The good news was that he wasn't getting worse but at the same time he wasn't getting better, his skin was still a mix of blue and pale, his eyes shut closed, his smile had faded, and his breathing was shallow but I had done all that I could think of in order to save him and only time would decide his fate which so far hasn't been so merciful to us. Tony left me alone with Loki, only at night did he come to watch over Loki so that I could sleep but as I dreamt they were tinted nightmares of Loki, covered in blood, dying in my arms, I could see the cell that was his prison, could hear the gaurds laughing, hear his demons mix with my won as they laughed at my failur. They laughed and laughed and Loki kept dying, kept bleeding the same dream over and over and when I woke I would rush to him, to see that he was still breathing and that the blue tinge to his skin was slowly fading and it relieved me to know that he was still alive and that they were all wrong, that he was still alive and I wouldn't let him die not as long as there was still hope to save him.

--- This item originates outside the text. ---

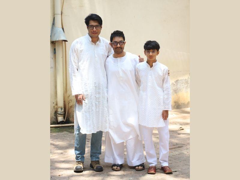 Aamir Khan With Sons Junaid And Azad Snapped Outside Their Residence Marina On The Occasion Of Eid

"Loki please wake up, I know you want to die but I don't, I need you to live." as I sat next to him I held his limp hand "I don't want you to die, I still have a promise to keep to you, remember I was going to help you, I was going to save you from it all. I was going to prove to you that there was a way to be free of it all but I can't do that if your dead and there's still so much more then you think."

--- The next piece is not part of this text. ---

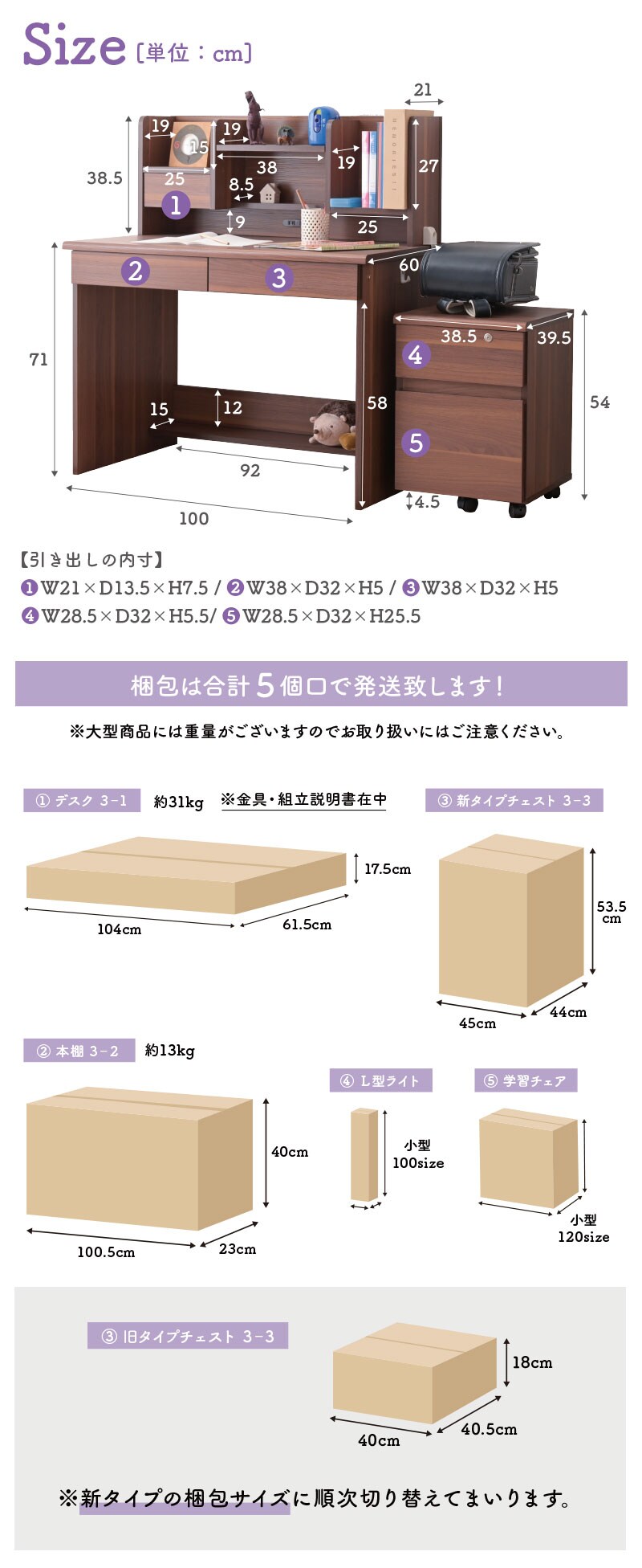【デスク】幅104×奥行き61.5×高さ17.5(約31kg) 【本棚】幅100.5×奥行き23×高さ40(約13kg) 【旧チェスト】幅51×奥行き42×高さ22(約18kg) 【新チェスト】幅45×奥行き44×高さ53.5 ※新タイプの梱包サイズに順次切り替えてまいります。 |

It was pointless I knew that to talk to him he probably couldn't even hear me and yet I felt like I had to say something, I had to keep talking to him to let him know that I was still here, still by his side and there I would stay. I used to hate these feelings because they always led me to hurt those I felt this way, if I ever cared about anyone I ended up smashing them into the ground when we argued or scaring them because of what I was but with Loki it was different. I wanted to feel this way, i wanted to care about him and I wanted to prove that, I wanted to save him, wanted to show him the light and that I would be here every step of the way to guide him. That I wasn't going to leave his side and no matter what I would always be here to protect him no matter what struggles came our way, I would always be here for him.

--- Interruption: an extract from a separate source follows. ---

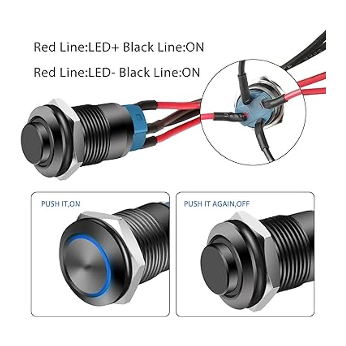 Interruptor de botón iluminado de encendido/apagado: interruptor de botón de metal de 4 pines, presiona ON, presiona de nuevo OFF. Configuración de contacto: 1NO1NC; Orificio de montaje: 0.472 in. Nota: comprueba el tamaño del producto antes de comprar.
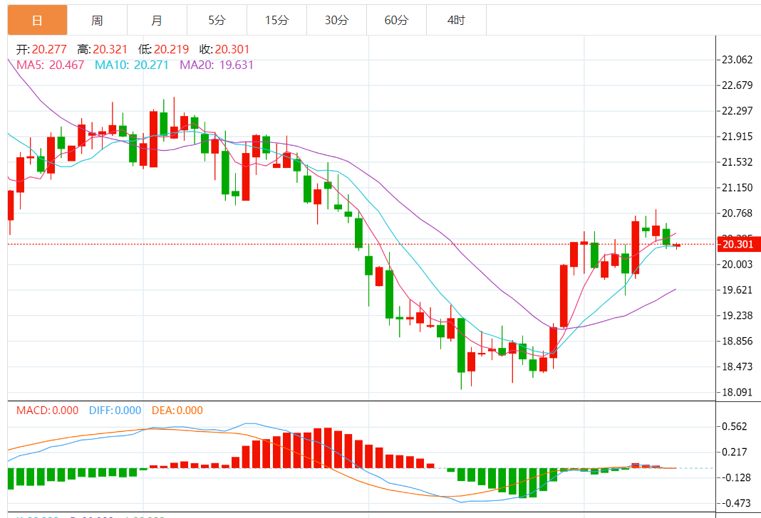 周五亚洲市场,白银价格仍在20.30美元/盎司附近承压,延续上一交易日的看跌倾向。从白银日线图来看,在近期MACD指标看涨信号减弱的情况下,银价守住6-7月跌势的50%斐波那契回撤位。

I had always wanted to be isolated and alone from the world because that way I wouldn't hurt anyone, the reason Loki wanted to be alone from the world was so that no one could hurt him, I didn't want to hurt anyone and he didn't want anyone to hurt him. We were both afraid of the world for two seperate reasons, I was afraid of what i would do to people and he was afraid of the pain they would cause him, was it destined that we would have so much in common and some how find ourselves taking comfort in each other or was it just conincedential that everything that has happened the past few days had come to be? There had to be a reason that all of this has happened or maybe I should just be grateful that it did and not ask questions about it, I had found someone who knew what it was like to struggle this way, found someone who i could trust, someone who needed and wanted me to be there for him and now I was being put to the test to prove that I would never leave him, that I was going to help him in every way possible.

In time maybe we could work together to show the world that we're different then the monsters they see us as but more as people who just want to make a difference. In time maybe even Odin and Thor can see that loki isn't a monster and that he has changed, that he's good and that he didn't deserve the punishment that he was given. But what if he was welcomed back after proving them all wrong, would he still go back? Would I possibly lose him again? That was a possibility but what if he refused their offer? Would he then stay here with me hopefully?